Her head snaps toward the noise, and I see recognition flash across her features. Fear, quickly hidden. The shadow-flame in her hands flickers and dies as her attention splits.

“They’re coming for you.” I don’t know who “they” are, but I can guess. Someone resurrected her. Someone manipulated her memories. Someone sent her hunting me. And now someone is coming to collect their weapon.

Her jaw tightens. “This isn’t over.”

“No.” I watch her back away, moving toward the sound of pursuit rather than away from it. “It’s not.”

She gives me one last look—confusion and hatred and something else, something I can’t name—and then she’s gone. Vanishing into the mist that swallows everything in this forsaken place.
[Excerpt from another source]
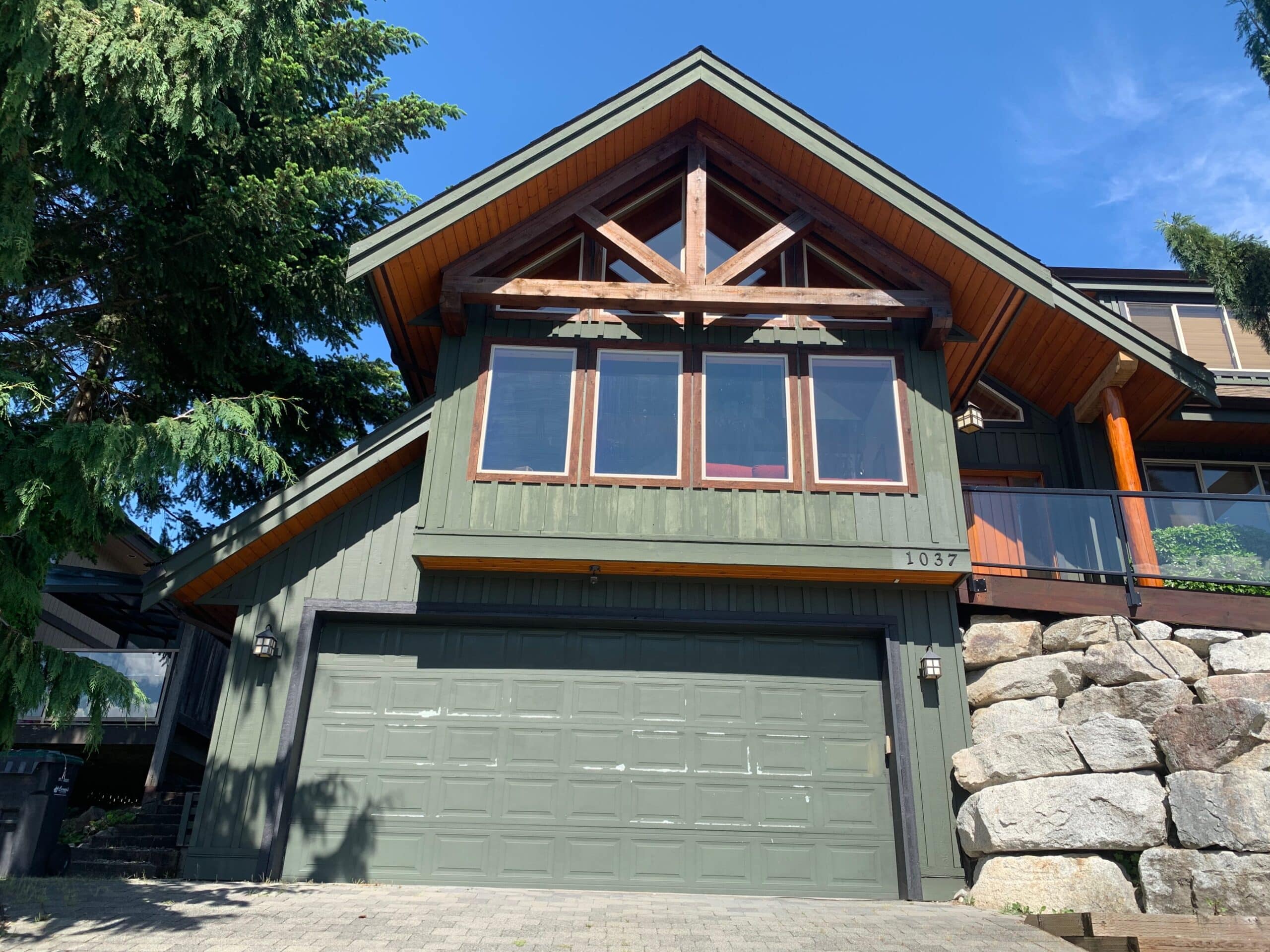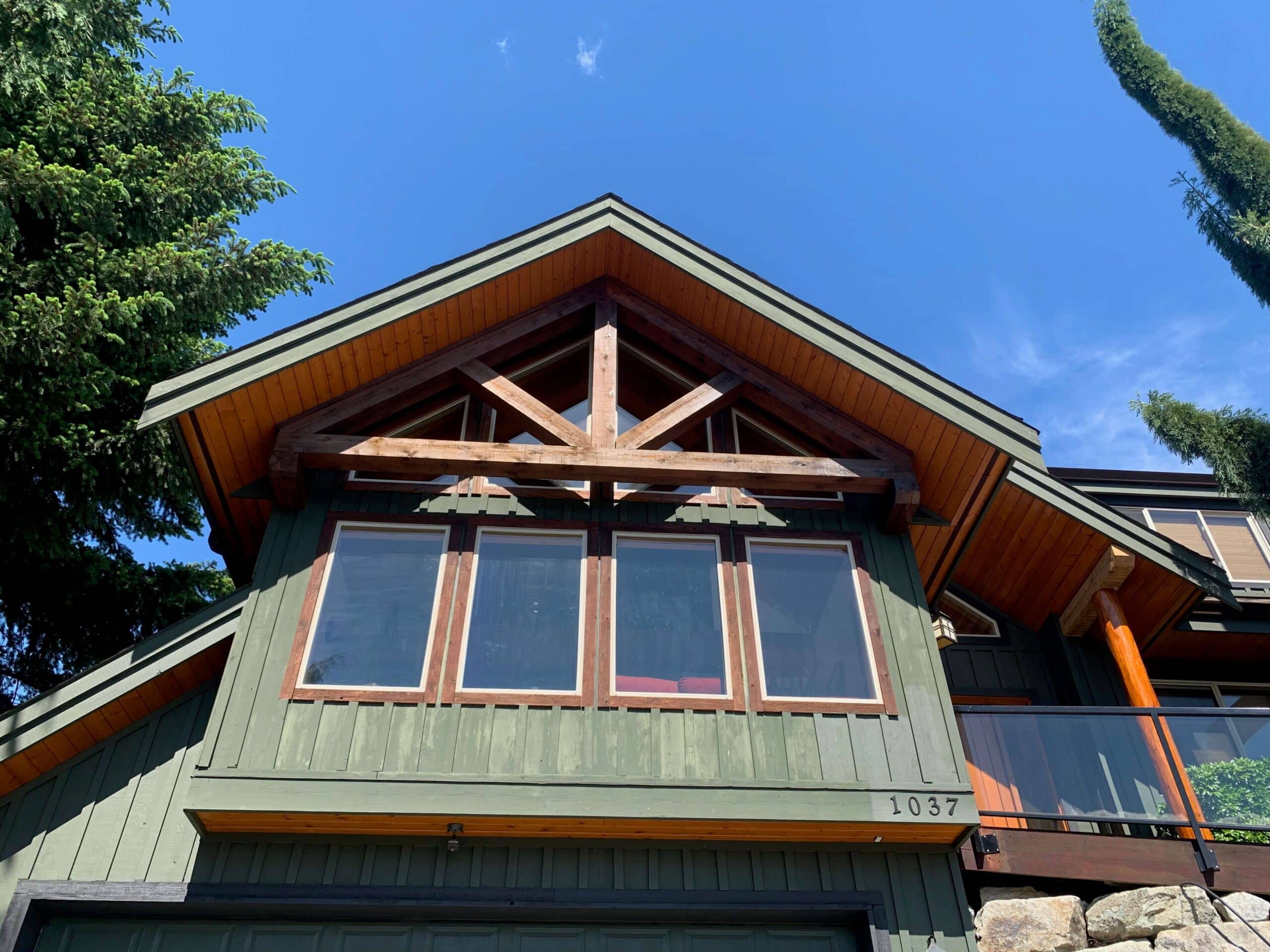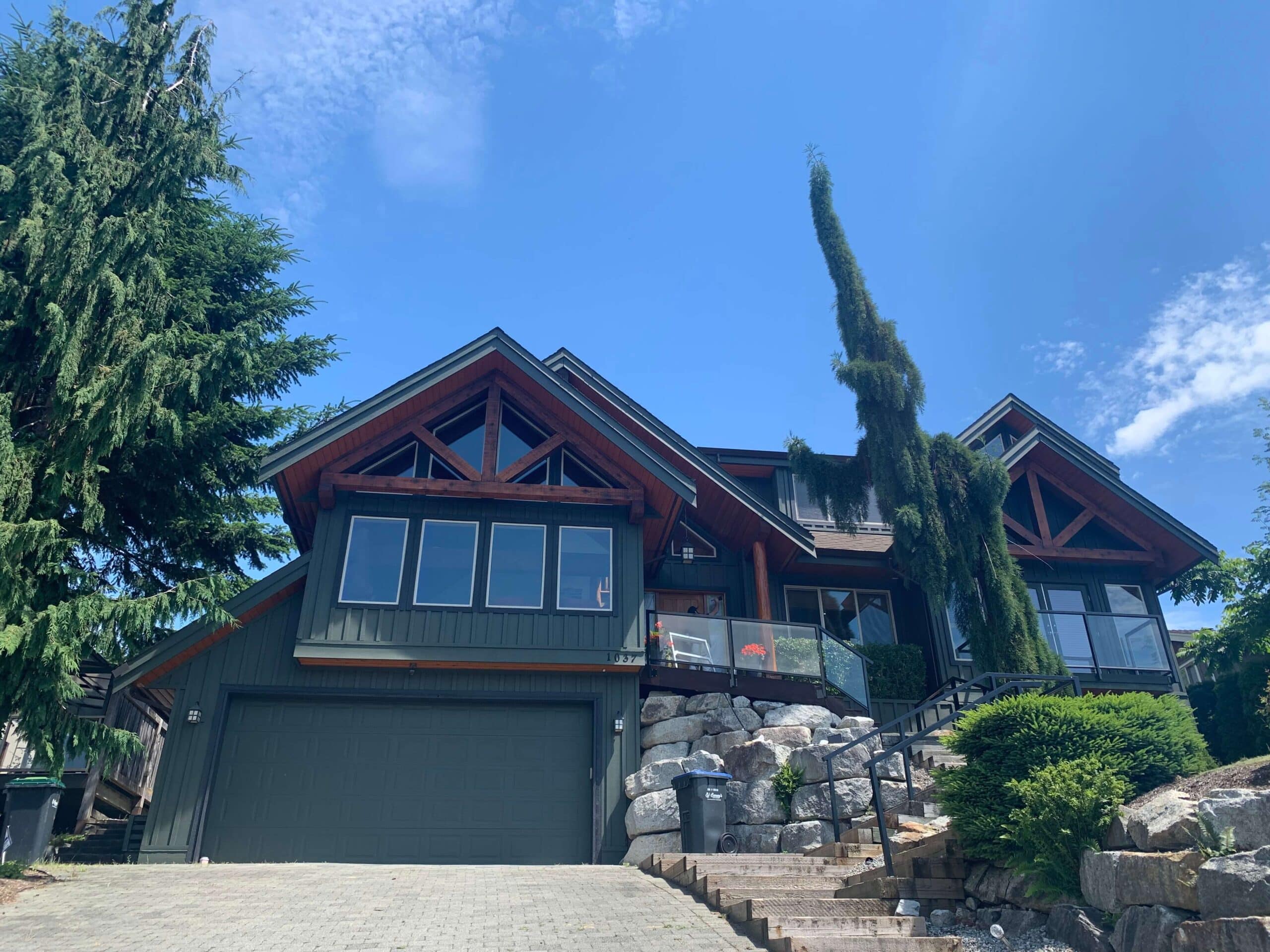 This stain project gave the home a strong and lasting finish that holds up well against Squamish’s mix of sun, wind, and rain. The balance of solid siding and natural wood accents gave the exterior a layered, elegant feel. More than just a color upgrade, this was a protective investment in the home’s curb appeal and long-term condition. From the clean window edges to the even-toned beams, every detail came together. Jonathan told us it looked better than he imagined.

I stand alone in the darkness, bleeding from wounds that will heal and scars that won’t.

She’s alive.

She wants me dead.

And somewhere in this forsaken forest, she’s being controlled by someone who brought her back specifically to destroy everything I am.

I should return to the fortress. Should tell my brothers what’s happening, rally the Brotherhood, plan a response. That’s what any sane dragon would do.

Instead, I follow her into the dark.

Because even after years of death and grief and guilt that’s carved itself into my soul, I’d rather die by her hand than let anyone else hurt her again.

The woman I loved has come back from the dead to kill me.

And I’ve never been more grateful to be alive.